Design Pattern Trends in 2024

From retro florals to modern geometrics, these pattern trends are the ones designers predict we’ll be decorating with in 2024. 

Patterns are hot, hot, hot in 2024. Whether they are on the walls, floors, textiles, or furniture, patterns are the favored design aesthetic of the year. Patterns in 2024 will lean toward maximalism with complex patterns in saturated colors and a splash of texture. Here’s what’s in and how to use patterns to the greatest effect in all spaces.

Quilting

In 2024, softness and warmth are in. The 3-dimentional, repeating square pattern that quilting provides ticks all the boxes. Look for furnishings with a quilted finish, but it’s great to add in a flatter format like a coffered ceiling or a square pattern on a vent cover.

 

Geometric

Geometric patterns, such as chevron, herringbone, hexagon, and quatrefoil, have become increasingly popular. They add visual interest and a modern touch to various elements like wallpaper, rugs, tiles, and textiles. Stripes, organic shapes, and geometrics in bold but muted colors like sage, terracotta, or mustard have a vintage charm that’s popular this year.
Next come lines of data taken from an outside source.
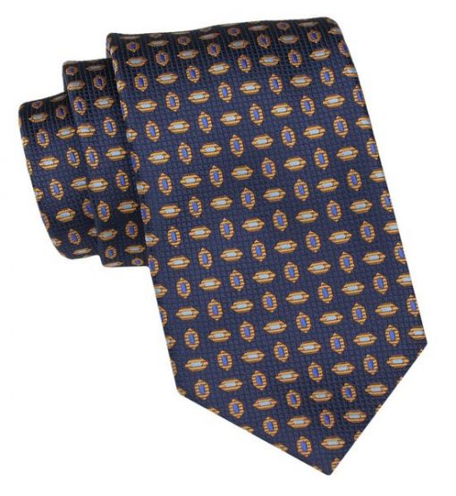 Klasyczny Krawat Męski – ALTIES – Granat, Złote Groszki
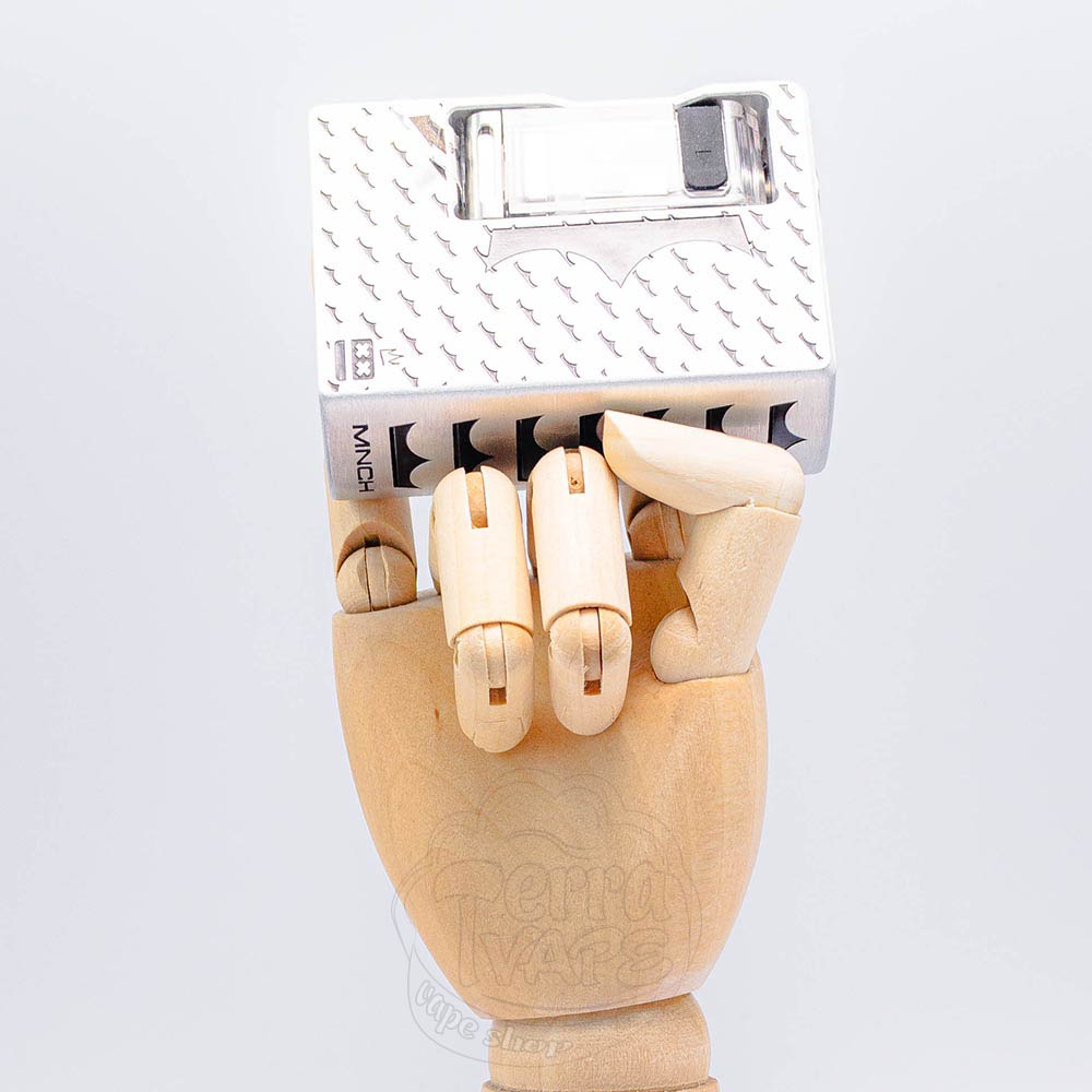 MNCH XR-80 DNA80c - компактное устройство, размеры которого составляют 64.4х47х26мм. Он комфортно лежит в руке, а удобное расположение кнопки позволяют с легкостью активировать затяжки. На одной из сторон алюминиевого корпуса находится порт Type-C, а на дне расположен цветной 0.85" TFT дисплей, тему которого можно изменить в настройках или добавить свою благодаря возможности кастомизации ХР-80 через ПО EScribe.
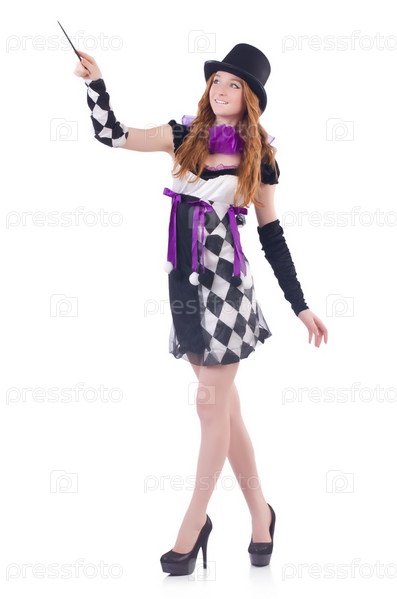 Фокусница с палочкой на белом фоне
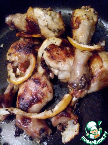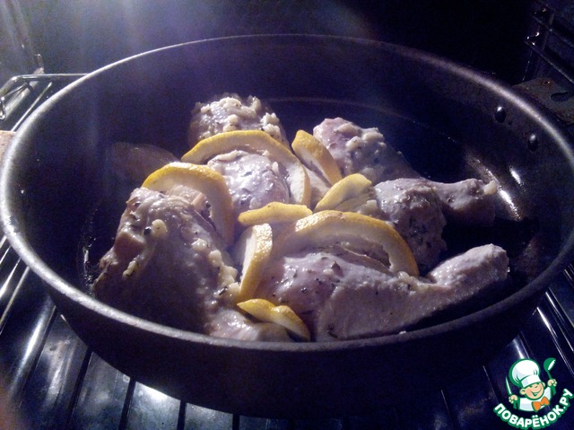 По истечении часа, выкладываем в форму смазанную растительным маслом. Ставим в духовку при 200 градусах на час. Еще я положила между голенями кусочки лимона.
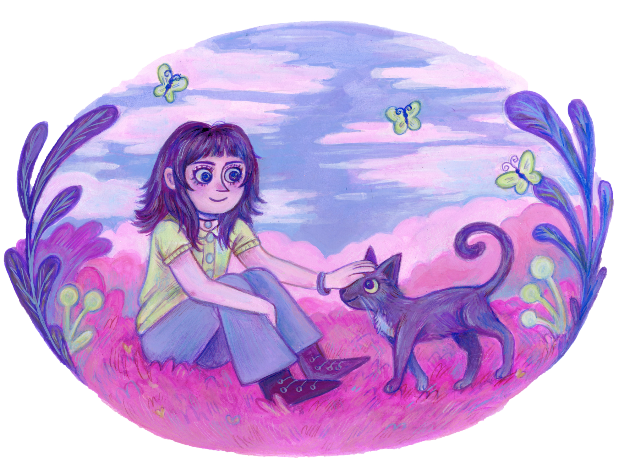 I am constantly inspired by nature, fantasy, and the small, cute and cozy moments in life. I live with my cat, Gizmo, who is always curious about what I’m working on. I aim to create uplifting and magical narratives with my illustrations, reaching out to comfort a variety of audiences.
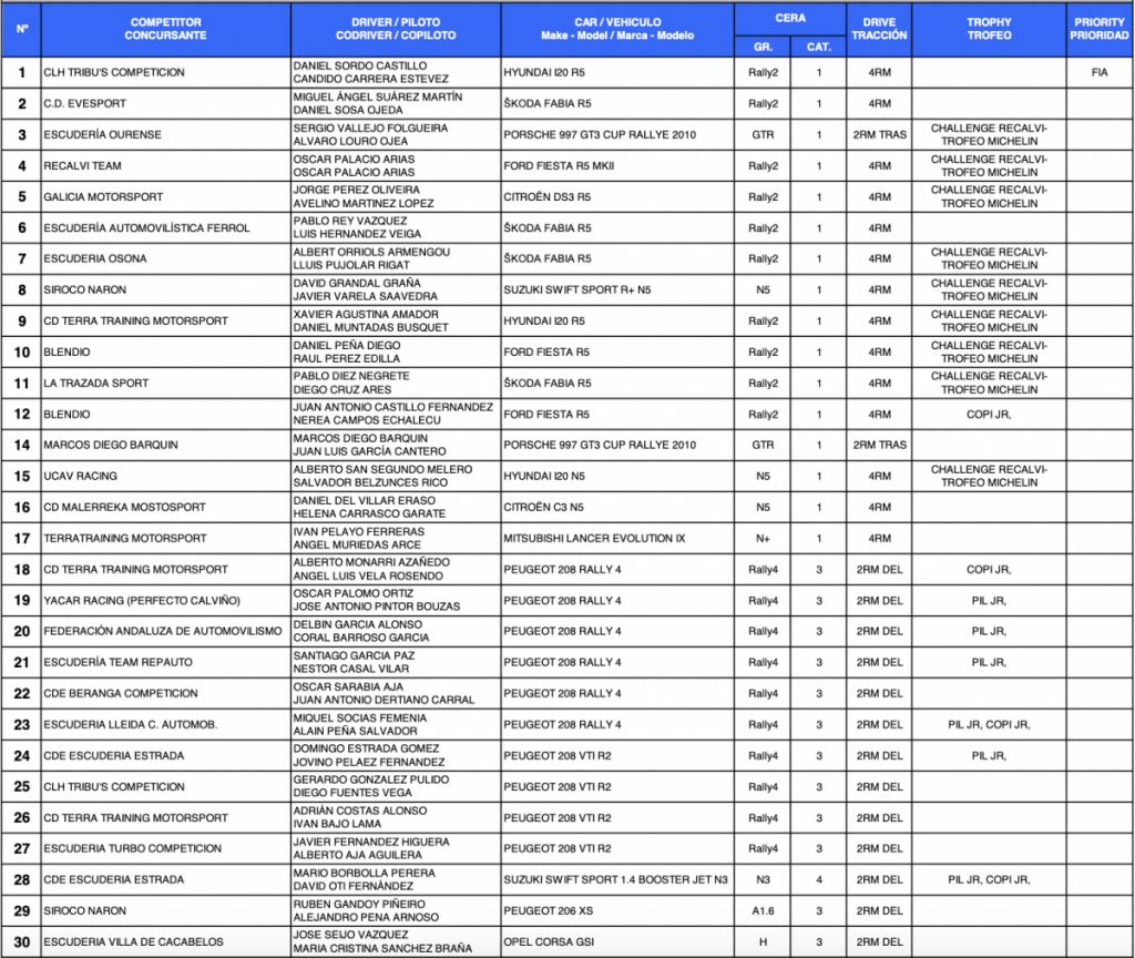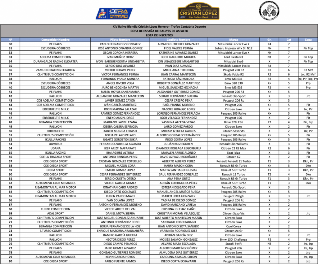 El Rallye Blendio Cristian López, cita del Campeonato de España de Rallys, ha publicado su lista de inscritos donde el gran atractivo es el cántabro mundialista Dani Sordo.

Pattern Tip – Geometrics tend to weigh heavier in a design. Use them as an accent or in more subtle applications so your space doesn’t get overwhelmed.

 

Natural

There was a huge emphasis on sustainability in 2024 and that will only escalate into 2024. Besides using natural materials used responsibly, you can cement your focus on sustainability with natural patterns. Botanicals and animal prints are excellent. Don’t forget wood and stone (especially those with heavy grain and veining) offer the most natural of patterns.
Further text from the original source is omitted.